また光で調節されるのは脳の中の体内時計の中心ですが、最近の研究で脳以外の全身にもそれぞれ時計があることがわかりました。その調節のためには、光だけではなく、食事・運動なども規則正しく行うことが大切です。
日中の元気・生きがい
人間は身体ではなく、脳が疲れると眠気が増し、脳を休めるために眠ります。日中の活動で眠気が強まるのは、身体を動かす指令を出す脳も疲れるからです。たとえばスポーツの試合では、体を動かす部分はもちろんのこと、周囲の状況を見たり感じたりする部分、考えて行動を決断する部分など、ほとんどの部分をフル動員しますから、脳もしっかり疲れて、ぐっすり眠れます。単に起きているだけで、元気なくぼーっとして、わくわくすることも、楽しいこともしなければ、脳が疲れないので、良く眠れません。日中の活動度が高まると夜の睡眠が深くなりますが、日中の活動度が低いと夜の睡眠も全体的に浅くなり、結局1日のメリハリがなくなるのです(図3)。

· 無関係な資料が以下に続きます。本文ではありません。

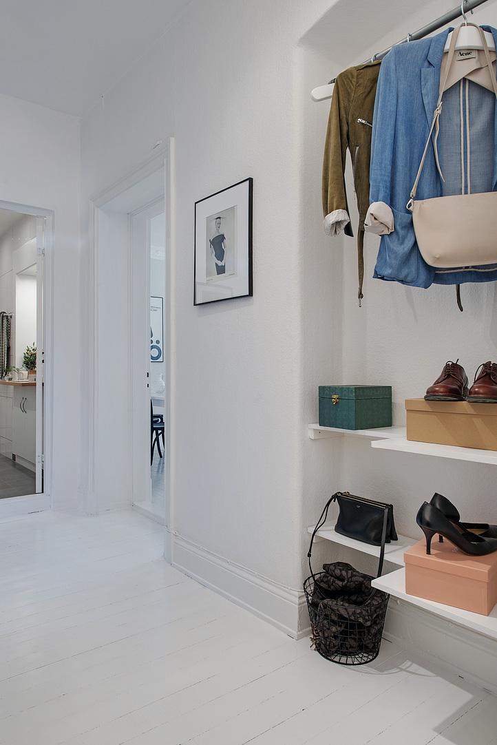 W sypialni dużo światła, łóżko i szafa. Łazienka biało-szara z półkę drewnianą, na której stworzono miejsce na kosmetyki. W przedpokoju stworzono garderobę tanim kosztem, czyli za zasłoną
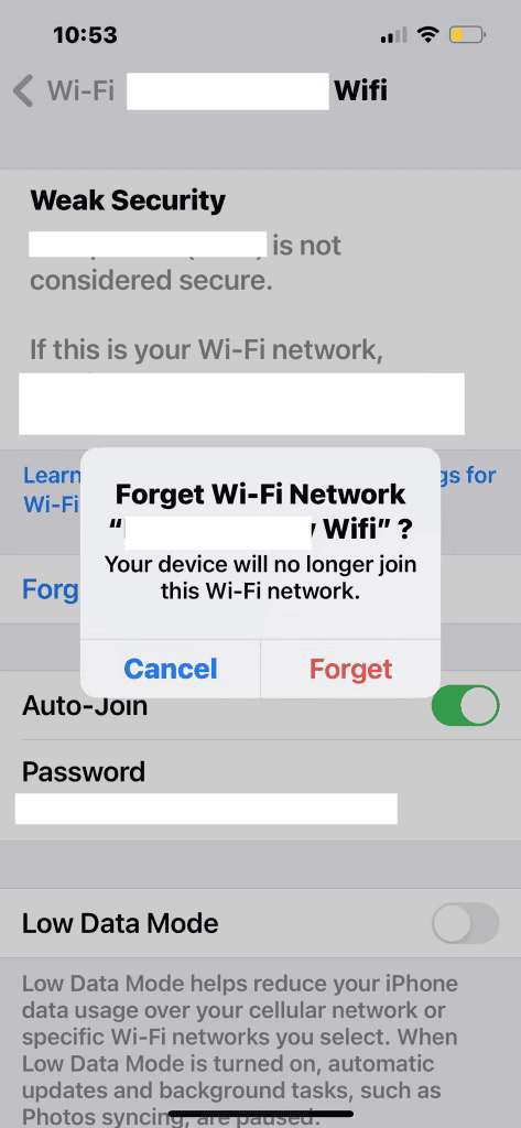Trước khi làm bất cứ điều gì phức tạp, hãy thử xóa mạng bị lỗi khỏi iPhone của bạn. Nếu không, nó sẽ tiếp tục tham gia kết nối Wi-Fi. Cách khắc phục này có thể hiệu quả nếu gần đây bạn đã thay đổi mật khẩu Wi-Fi, mạng internet của bạn bị lỗi hoặc bạn thiết lập một bộ định tuyến mới.
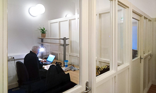 The main hall of 4 Cockburn Halls is an attractive, well proportioned space with some natural lighting. It has been partitioned into four lockable cubicles, 2 x 2.7 metres.
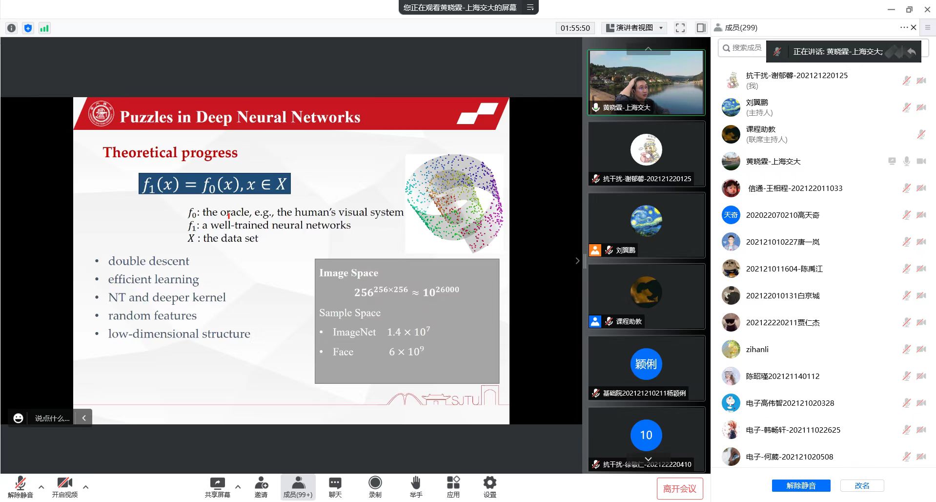黄晓霖从第四届交流月开始开设的“机器学习研究中的优化方法” 课程深受员工欢迎,今年,黄老师继续在线上为同学们带来了“神经网络的动态低维结构与稳健性提升”讲座,同学们的热情丝毫不减,在线上与老师展开热烈讨论。
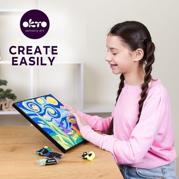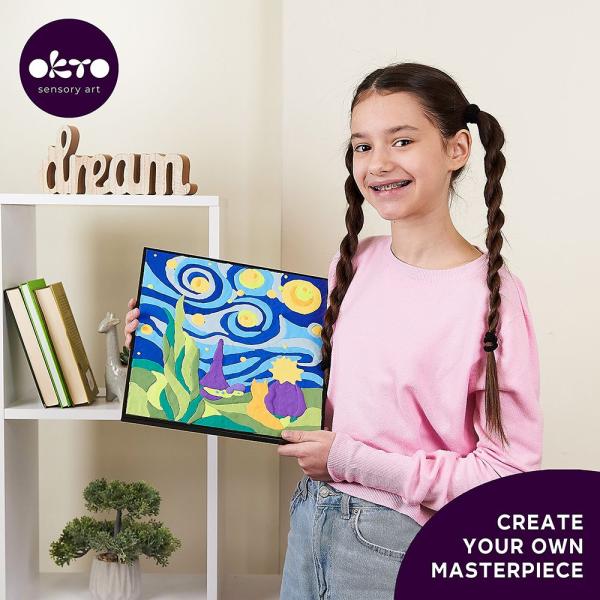 Jedinečný a nezapomenutelný dárek vytvořený s cílem přimět vás zastavit se a najít si čas pro sebe v bláznivém víru každodenních událostí. Ponořte se do nových hmatových vjemů, vytvořte si vlastní verzi slavného mistrovského díla, vytesaného konečky prstů. Stačí se dotknout. Sada obsahuje vše, co potřebujete k vytvoření obrazu.
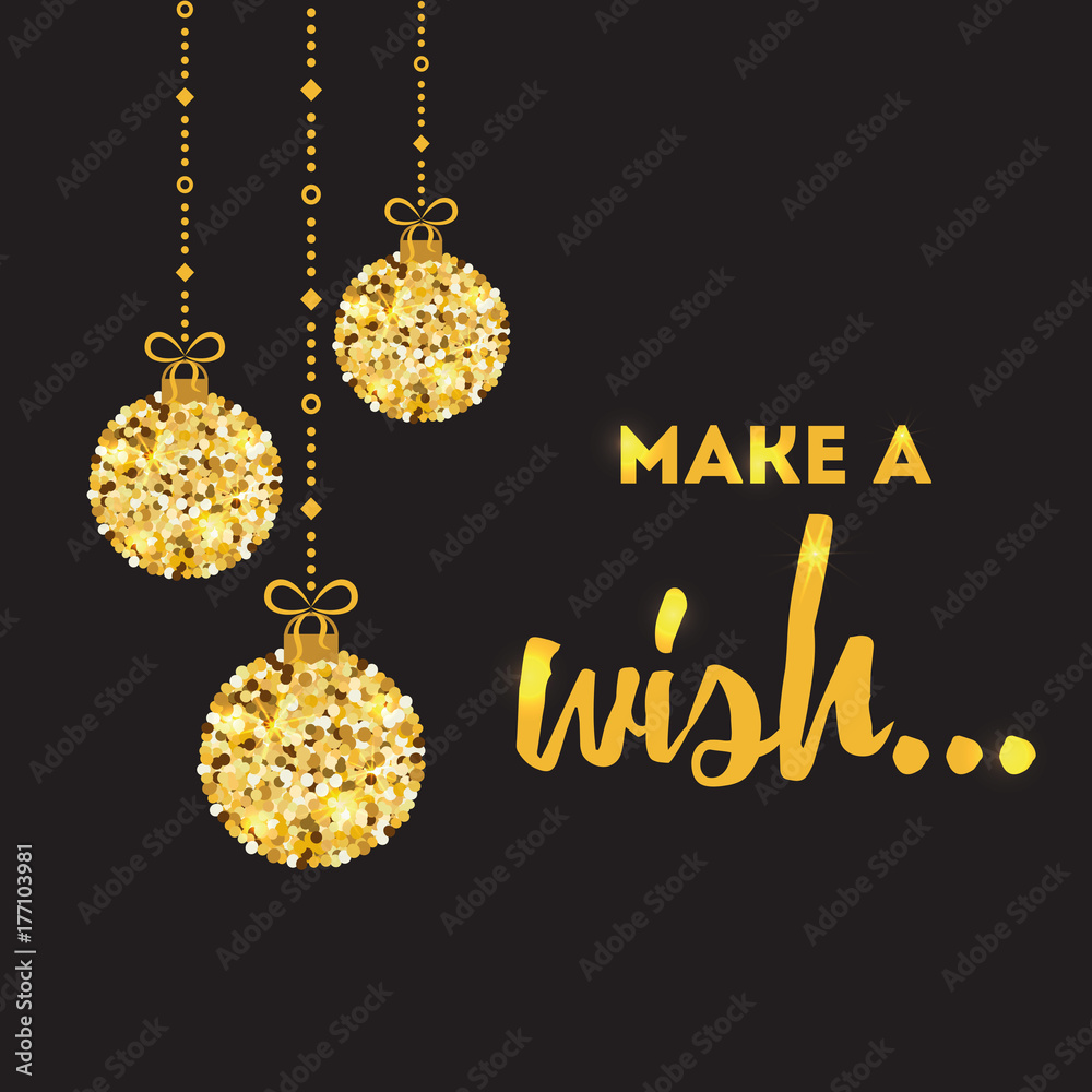 Vector Inspirational Quote Make A Wish Design Banner Decorated Sparkle Golden Christmas Balls Stock Vector Adobe Stock
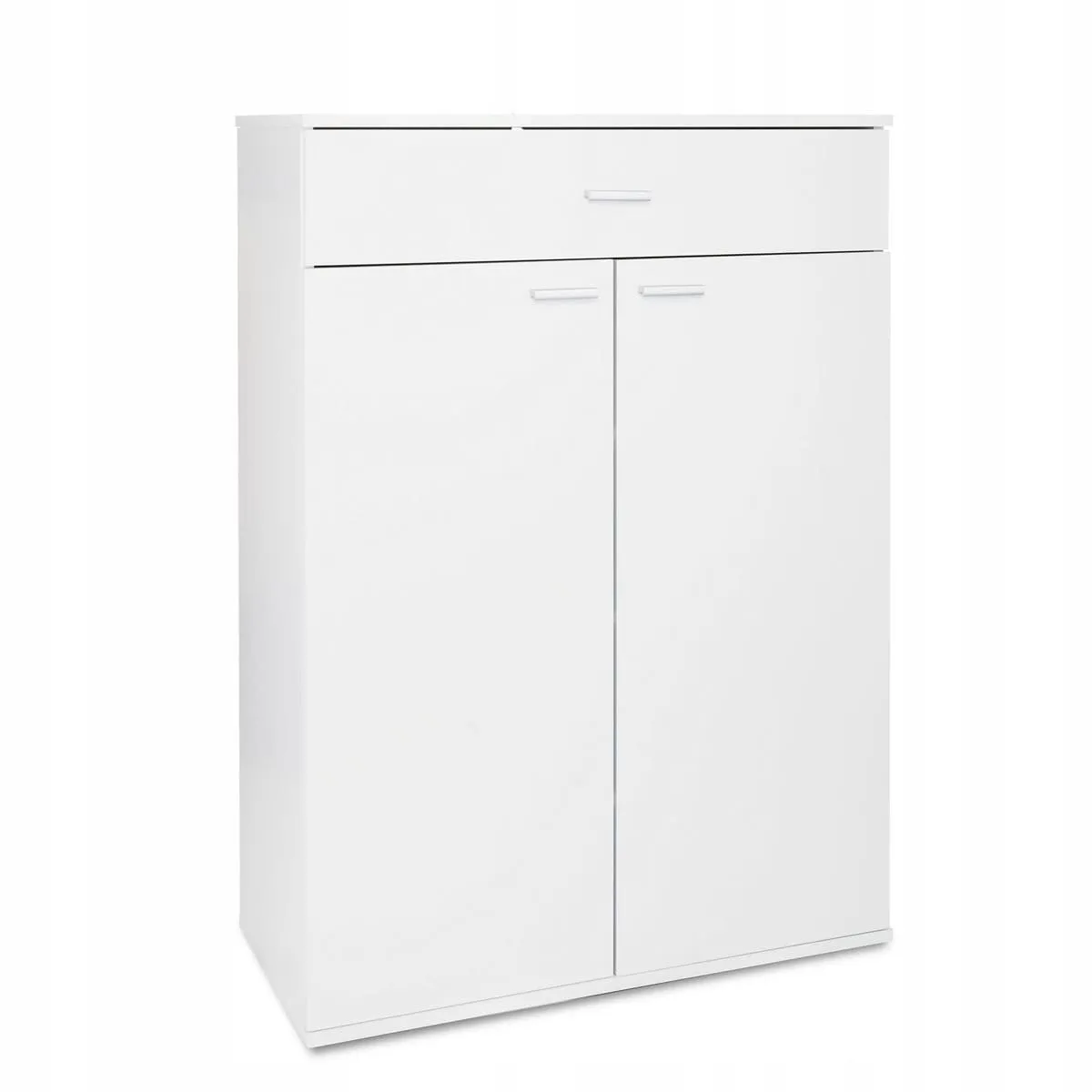 Komoda z 4 półkami Duża przestrzeń do przechowywania - pojemna szuflada oraz 4 zamykane półki zapewniają dużą przestrzeń do przechowywania i organizacji Wysokiej jakości materiały - szafka została wykonana z wysokiej jakości płyty wiórowej, dzięki czemu gwarantuje wytrzymałość, stabilność i trwałość Nowoczesny design - prosty nowoczesny styl świetnie sprawdzi się w salonie, sypialni, jadalni oraz biurze. Ponadczasowa forma doskonale pasuje do każdego motywu dekoracyjnego Łatwość montażu - komoda jest bardzo prosta w montażu. Wszystkie elementy potrzebne do instalacji zostały dołączone do zestawu. W celu zwiększenia bezpieczeństwa użytkowania szafkę można przymocować bezpośrednio do ściany
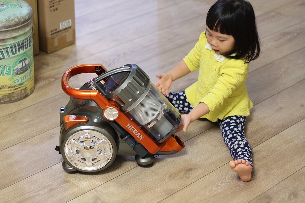禾聯 HERAN EPB-460 的五孔式氣旋杯設計,運用多孔離心力處理灰塵而且吸力不減,清掃真的輕鬆寫意,讓小妹妹幫我做家事好了(喂)
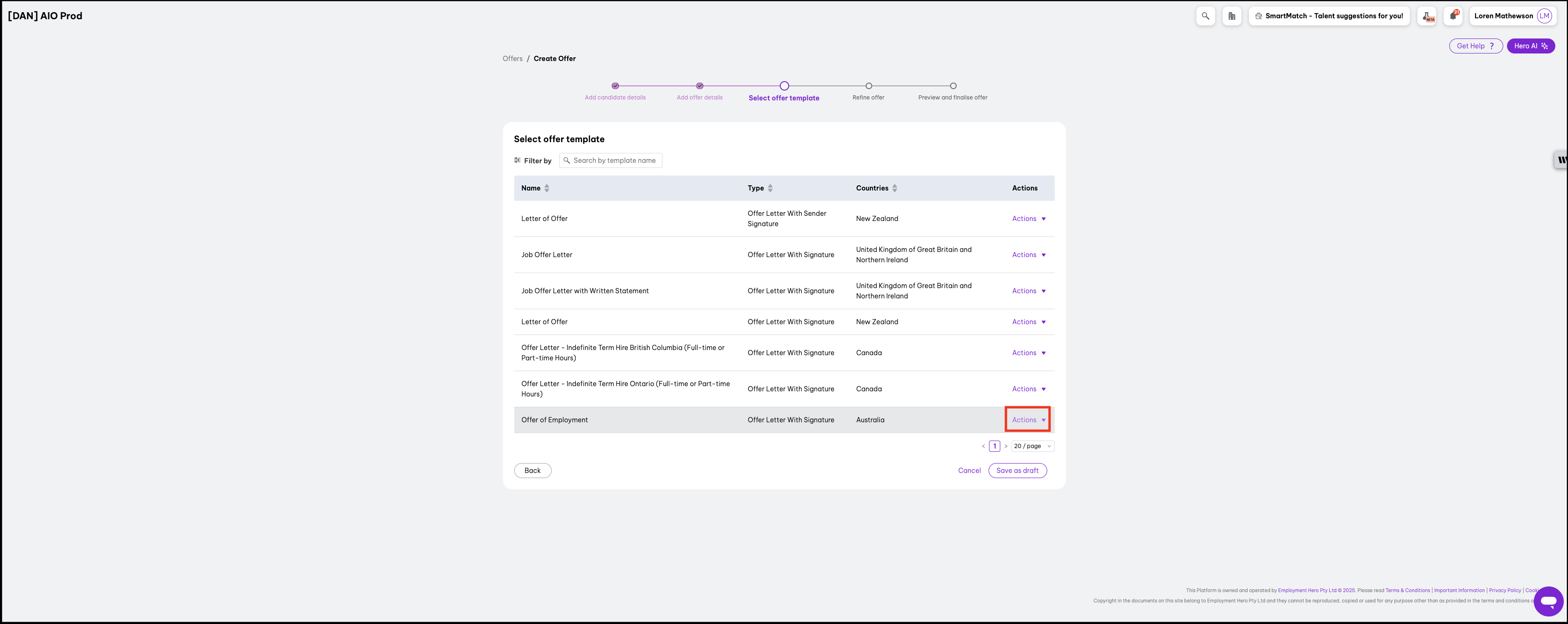 - Under the Select Offer Template subheading, click on Actions on the template you want to use.

高齢者には、「眠れない」、「朝早く起きすぎてしまう」ということで、日中に元気がない方がたくさんいます。「夜眠れなくて体力が回復していないので、昼は家でゆっくりしている」、「眠れていないから、元気が出ない」、「朝早く目が覚めてしまうので、その分、夜早くベッドに入る」というのは、間違っていることが多いのです。逆に、「昼に家でゆっくりしていたから、眠気が貯まらず、夜に眠れない」、「元気が出ないから、眠れない」、「夜早くベッドに入りすぎるから、朝早く目が覚めてしまう」というように、夜ではなく、昼を中心に考え方を変えてみると、夜の睡眠の質がよくなります。眠れない原因は夜ではなく、昼間にあることが多く、生きがいをもって日中を溌刺と活動している方は、眠れないことに悩む暇もなくなるようです。睡眠は目的ではなく結果ですから、眠れないから元気が出ないと考えないで、日中に元気を出す方法をまず考えることを、是非、お試し下さい。